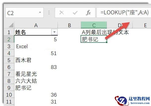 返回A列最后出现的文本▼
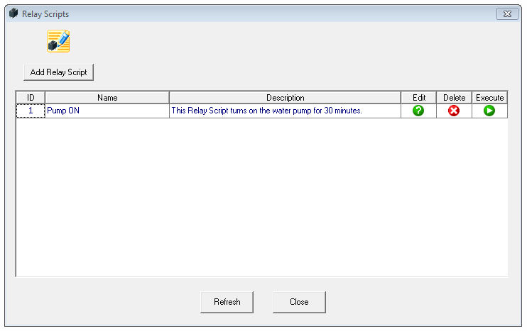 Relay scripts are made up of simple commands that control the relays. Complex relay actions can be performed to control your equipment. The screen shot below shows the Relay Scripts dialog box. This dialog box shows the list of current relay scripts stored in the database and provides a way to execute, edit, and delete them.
==
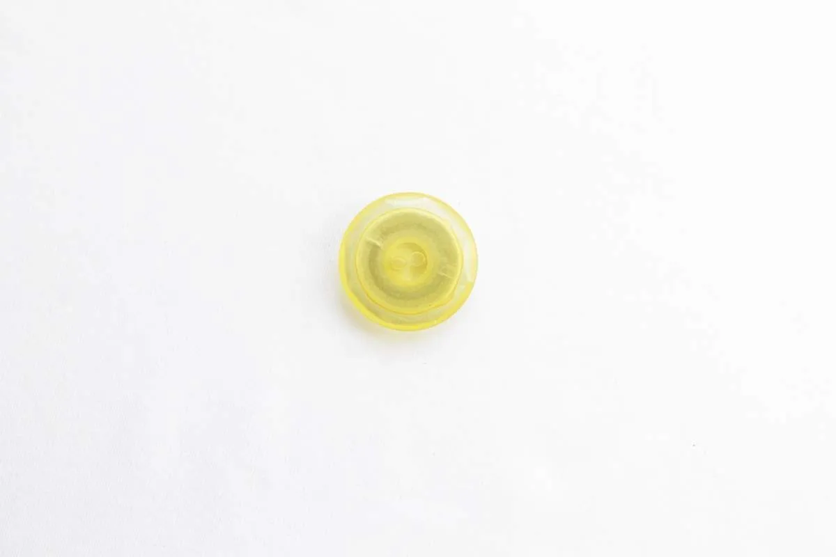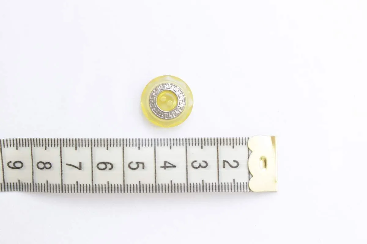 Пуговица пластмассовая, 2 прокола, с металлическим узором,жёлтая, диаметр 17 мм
* * *
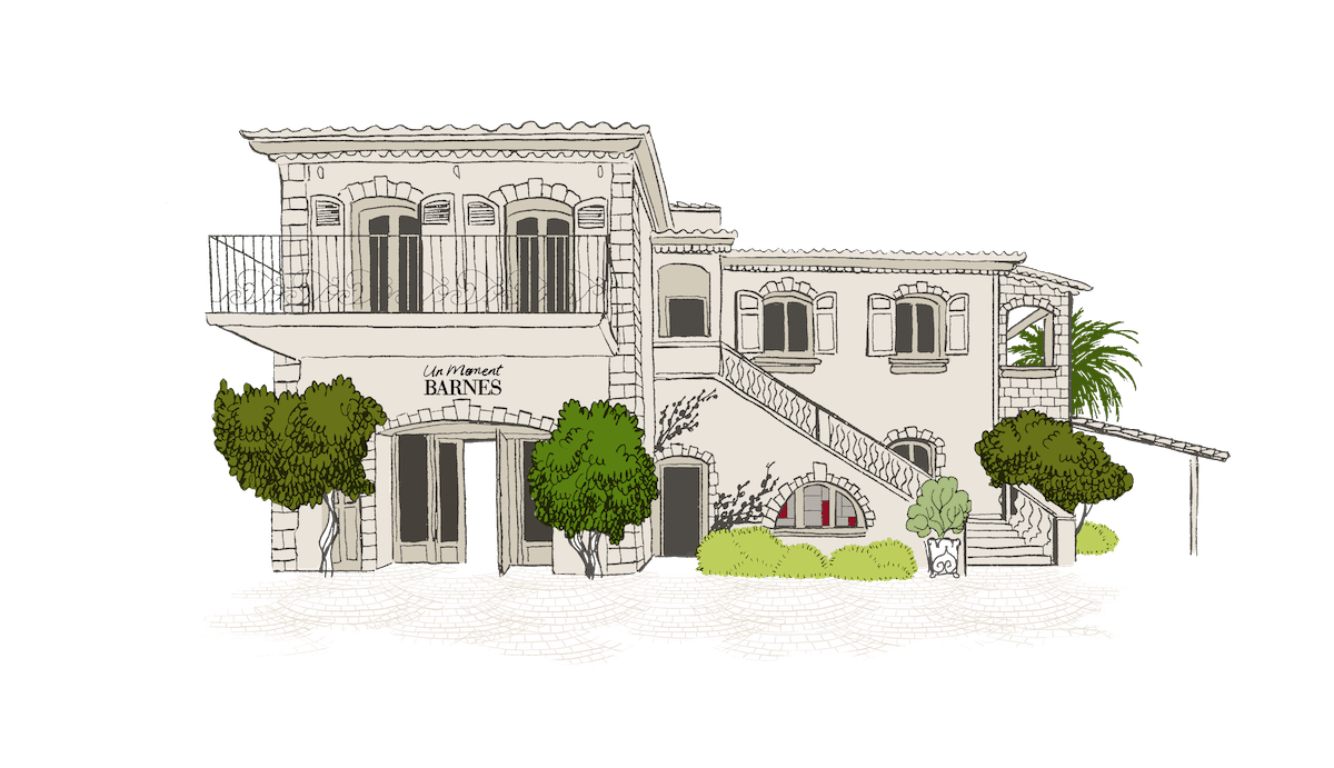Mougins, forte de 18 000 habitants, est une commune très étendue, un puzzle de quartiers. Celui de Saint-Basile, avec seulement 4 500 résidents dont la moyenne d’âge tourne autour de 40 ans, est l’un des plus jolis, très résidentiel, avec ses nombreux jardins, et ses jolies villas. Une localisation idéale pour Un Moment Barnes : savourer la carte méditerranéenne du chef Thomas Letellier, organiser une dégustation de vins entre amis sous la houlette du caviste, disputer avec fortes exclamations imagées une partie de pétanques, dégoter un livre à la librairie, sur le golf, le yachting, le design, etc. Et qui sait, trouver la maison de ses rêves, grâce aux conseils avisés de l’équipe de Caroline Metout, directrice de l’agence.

| EXERCISE |
Exercise for the records above: copy only the lines from the one with "返回A列最后出现的文本▼" to the one with "Relay scripts are", both ends kept, and drop the pictures.

| SOLUTION TO THE PROBLEM |
 返回A列最后出现的文本▼
 Relay scripts are made up of simple commands that control the relays. Complex relay actions can be performed to control your equipment. The screen shot below shows the Relay Scripts dialog box. This dialog box shows the list of current relay scripts stored in the database and provides a way to execute, edit, and delete them.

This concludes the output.